[Start of section]
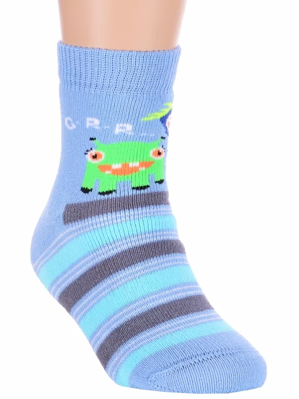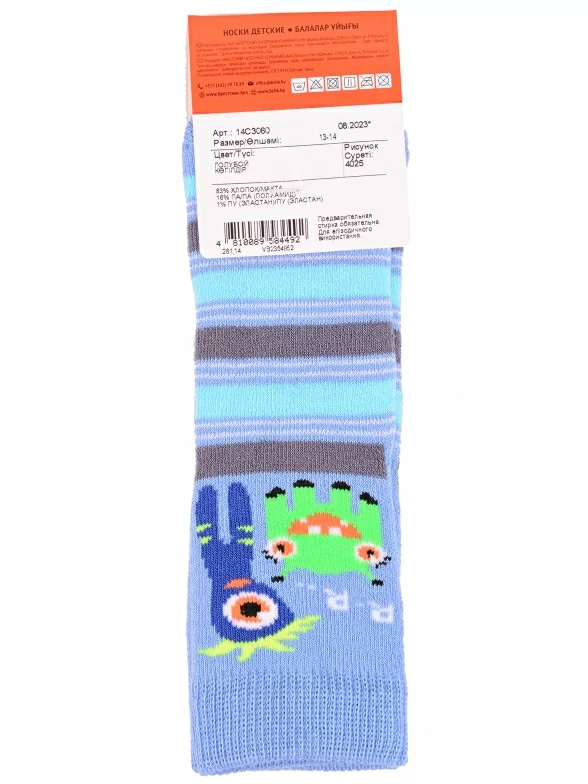 Зимние или межсезонные укороченные детские носки, цвет голубой, прикольные, состав: 83% хлопок, 16% полиамид, 1% эластан, фабричный артикул 14С3060. Производитель «Брестский чулочный комбинат ОАО, Беларусь» под брендом «Брестские (бчк)».
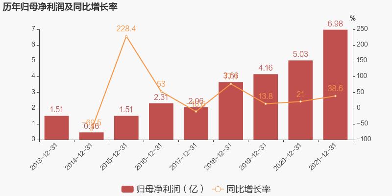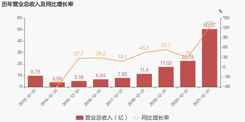 ??? 綠色動力于2022年3月30日披露年報,公司2021年實現(xiàn)營業(yè)總收入50.6億,同比增長122%,增幅創(chuàng)7年新高;實現(xiàn)歸母凈利潤7億,同比增長38.6%;每股收益為0.5元。
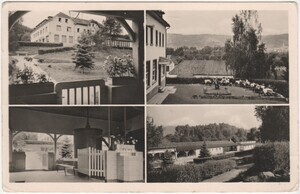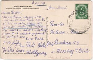 Karte im Querformat und Schwarz-weiß-Druck Gezeigt werden vier Motive. Oben links Kurhaus vom Kurmittelhaus her fotografiert, daneben rechts die Terrasse des Kurmittelhauses. Unten links Blick auf Durchgang vom Kurpark zum Kurhaus mit dem Abscheidetank der Kohlensäureverflüssigungsanlage (Kohlensäure-Werk), daneben rechts Blick von der Kurhausterrasse auf das Kurmittelhaus, rechts, und Kohlensäure-Werk, links. Die Karte ist rückseitig beschriftet und wurde nach Buckau in der russischen Besatzungszone verschickt.
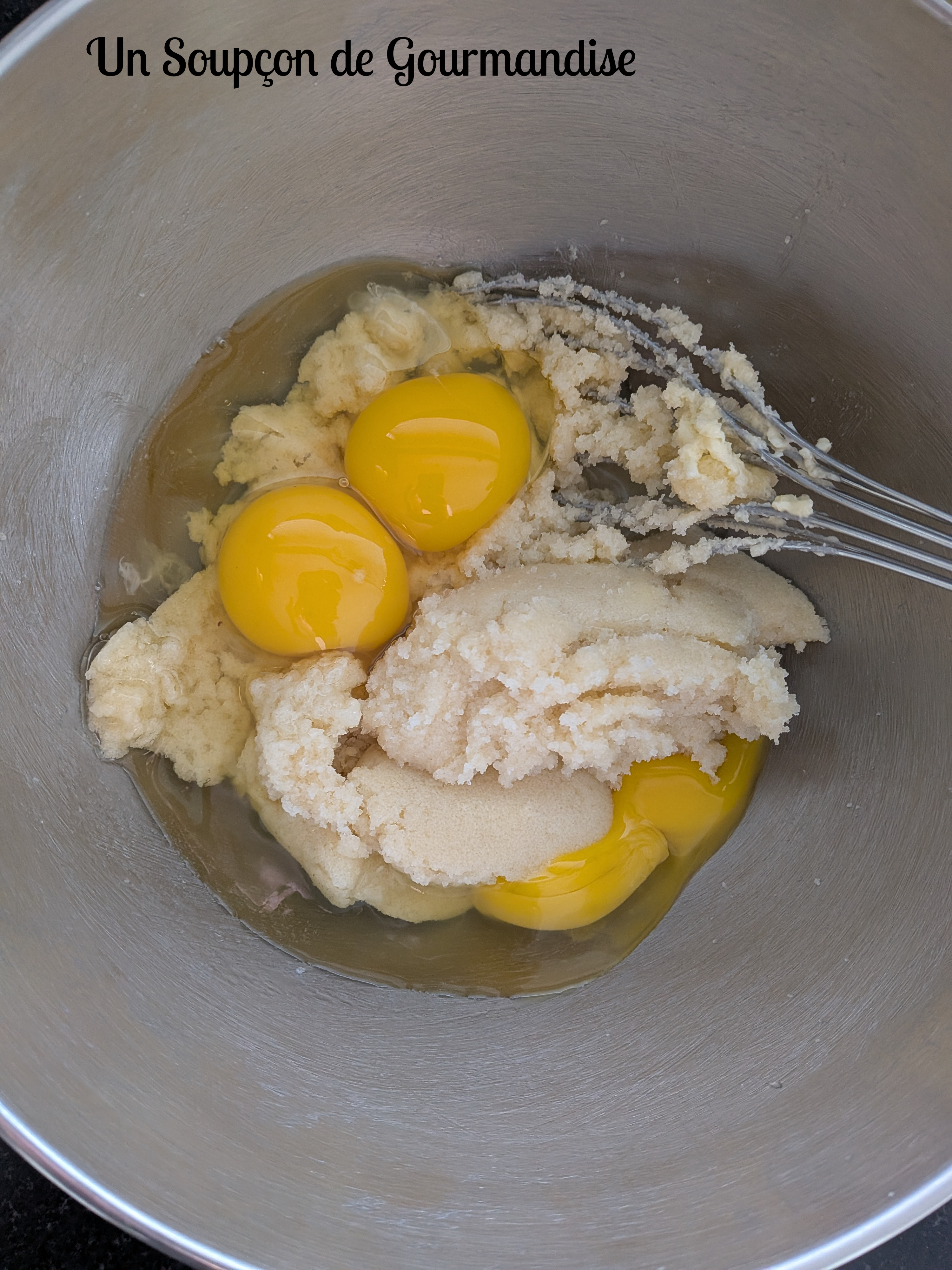 Incorporer 3 oeufs et mélanger jusqu’à ce que la prépration soit homogène.
[End of section]
# Work item
Leave the pictures out. Otherwise, output the listing above exactly.

# Reply to the task
 Зимние или межсезонные укороченные детские носки, цвет голубой, прикольные, состав: 83% хлопок, 16% полиамид, 1% эластан, фабричный артикул 14С3060. Производитель «Брестский чулочный комбинат ОАО, Беларусь» под брендом «Брестские (бчк)».
 ??? 綠色動力于2022年3月30日披露年報,公司2021年實現(xiàn)營業(yè)總收入50.6億,同比增長122%,增幅創(chuàng)7年新高;實現(xiàn)歸母凈利潤7億,同比增長38.6%;每股收益為0.5元。
 Karte im Querformat und Schwarz-weiß-Druck Gezeigt werden vier Motive. Oben links Kurhaus vom Kurmittelhaus her fotografiert, daneben rechts die Terrasse des Kurmittelhauses. Unten links Blick auf Durchgang vom Kurpark zum Kurhaus mit dem Abscheidetank der Kohlensäureverflüssigungsanlage (Kohlensäure-Werk), daneben rechts Blick von der Kurhausterrasse auf das Kurmittelhaus, rechts, und Kohlensäure-Werk, links. Die Karte ist rückseitig beschriftet und wurde nach Buckau in der russischen Besatzungszone verschickt.
 Incorporer 3 oeufs et mélanger jusqu’à ce que la prépration soit homogène.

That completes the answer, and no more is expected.